Every now and then I break out dive and take a look at container images. Almost without fail I'll find something we can improve.
The UX is great for the tool, gives me absolutely everything I need to see, in such a clear fashion, and with virtually no learning curve at all for using it.
Since it captures exact dependencies, it becomes easier to put just what you need in the image. Prior to nix, my team (many years ago) built a redis image that was about 15MB in size by tracking the used files ans removing unused files. Nix does that reliably.
We use Nix + Bazel. Nix builds the base image with Python and whatever else we want. Bazel layers our actual Python app on top of it. No dockerfiles at all.
It sounds so cool, but then I don’t get out of the base image before you’re writing your own Python launcher in a heredoc in a shell script in a docker image builder in a nix derivation[0]? Curiosity compels me to ask: how did all that become necessary?
It mostly grew out of using Nix to fetch a python interpreter for builds and tests. By default, Bazel will use whichever python binary is on the host (if any), which can lead to discrepancies between build hosts and various developer machines.
The main difference between Dockerfiles and something like Nix is that the former is run "internally" and the latter "externally".
For example, a Dockerfile containing 'my-package-manager install foo' will create an image with foo and my-package-manager (which usually involves an entire OS, and at least a shell, etc.). An image built with Nix will only contain foo and its dependencies.
Note that it's actually quite easy to make container images "externally", using just `tar`, `jq` and `sha256sum`. The nice thing about using Nix for this (rather than, e.g. Make) is the tracking of dependencies, all the way down to the particular libc, etc.
For my two cents, if you're image requires anything not vanilla, you may be better off stomaching the larger Ubuntu image.
Lots of edge cases around specific libraries come up that you don't expect. I spent hours tearing my hair out trying to get Selenium and python working on an alpine image that worked out-of-the-box on the Ubuntu image.
That’s rolling your own distro. We could do that but it’s not really our job. It also prevents the libraries from being shared between images, unless you build one base layer and use it for everything in your org (third parties won’t).
Once you start adding stuff, I think Alpine gets worse. For example, there’s a libgmp issue that’s in the latest Alpine versions since November. It’s fixed upstream but hasn’t been pulled into Alpine.

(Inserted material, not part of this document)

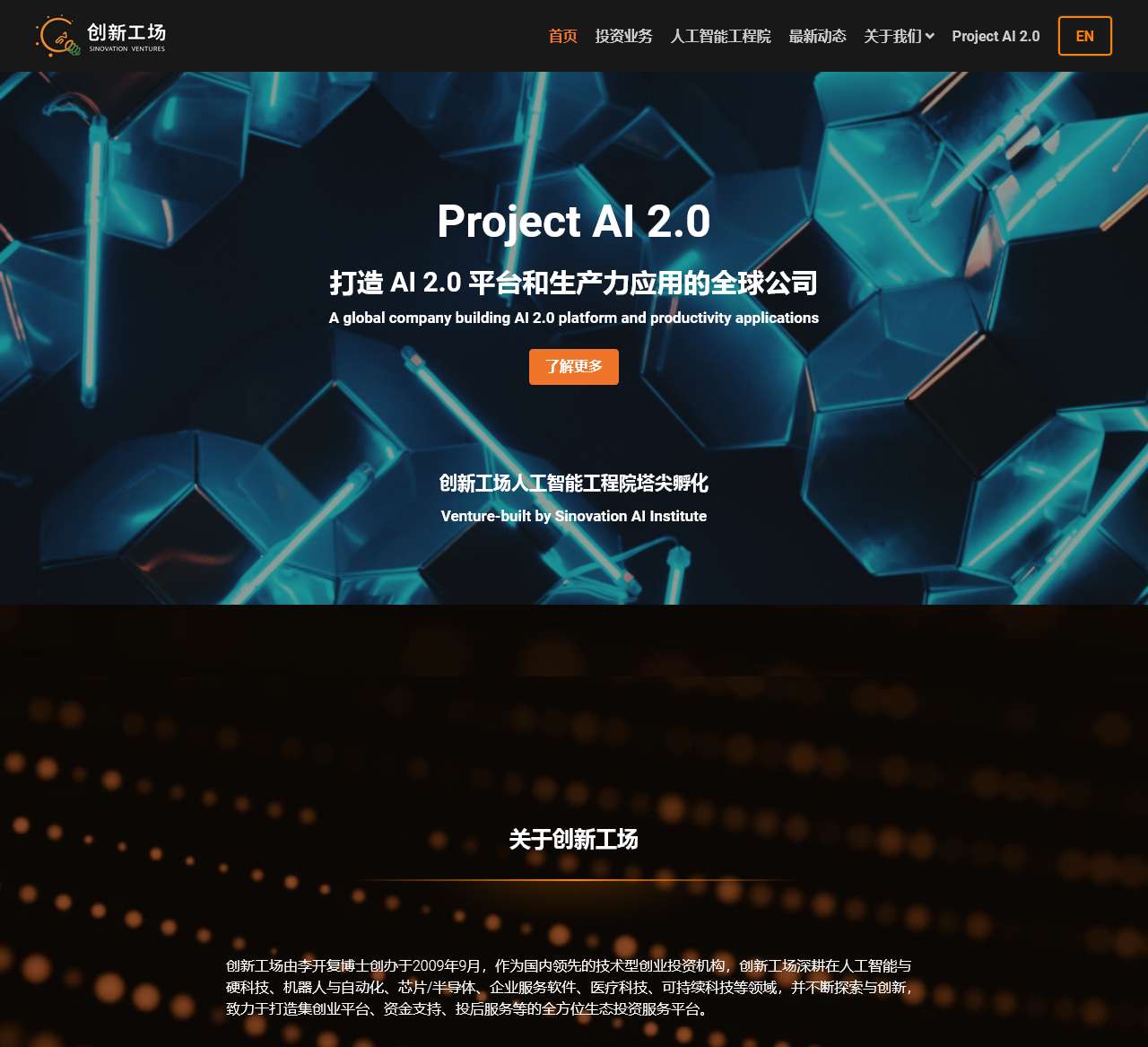 创新工场是一家致力于投资业务、人工智能工程院、创业服务以及企业责任宣言的公司。我们的团队致力于推动创新和科技的发展,并为创业者提供支持和指导。通过Project AI 2.0,我们正在打造新一代人工智能平台,重塑各行各业的应用方式。

musl DNS stub resolver is "broken" unfortunately (it doesn't do TCP, which is a problem usually when you want to deploy something into a highly dynamic DNS-configured environment, eg. k8s)
Do libraries just sat there on disc do any damage?
Also, are you going to update those libraries as soon as a security issue arises? Debian/Ubuntu and friends have teams dedicated to that type of thing.
This is not a valid comparison. You're comparing bare metal virtual machines wherein you are responsible for all of the software running on the VM, with a bundled set of tarballs containing binaries you probably cannot reproduce.
Many, many vendors provide docker images but no Dockerfile. And even if you had the Dockerfile you might not have access to the environment in which it needs to be run.
Docker is successful in part because it punts library versioning and security patches and distro maintenance to a third party. Not only do you not have to worry about these things (but you should!) now you might not be able to even do anything if you wanted to.
> Docker is successful in part because it punts library versioning and security patches and distro maintenance to a third party. Not only do you not have to worry about these things (but you should!) now you might not be able to even do anything if you wanted to.
This is a very restricted view.
Besides this article is about building your own images, not using existing ones.
I found this is not actually an "Alpine" issue but a libmusl issue. Lots of stuff like local support does not work for musl.
I do like the compact size of Alpine but, if you are not developing on with libmusl underneath there seem to be lots of surprises.
True. I had a somewhat similar experience with the official Alpine-based Python images. The are supposedly leaner than the Debian-based ones, but any advantage is cancelled if you need any PyPI packages that use native libraries.
Now you suddenly need to include a compiler toolchain in the image and compile the native interface every time you build the image.
I start all my projects based on Alpine (alpine-node, for example). I'll sometimes need to install a few libraries like ImageMagic, but if that list starts to grow, I'll just use Ubuntu.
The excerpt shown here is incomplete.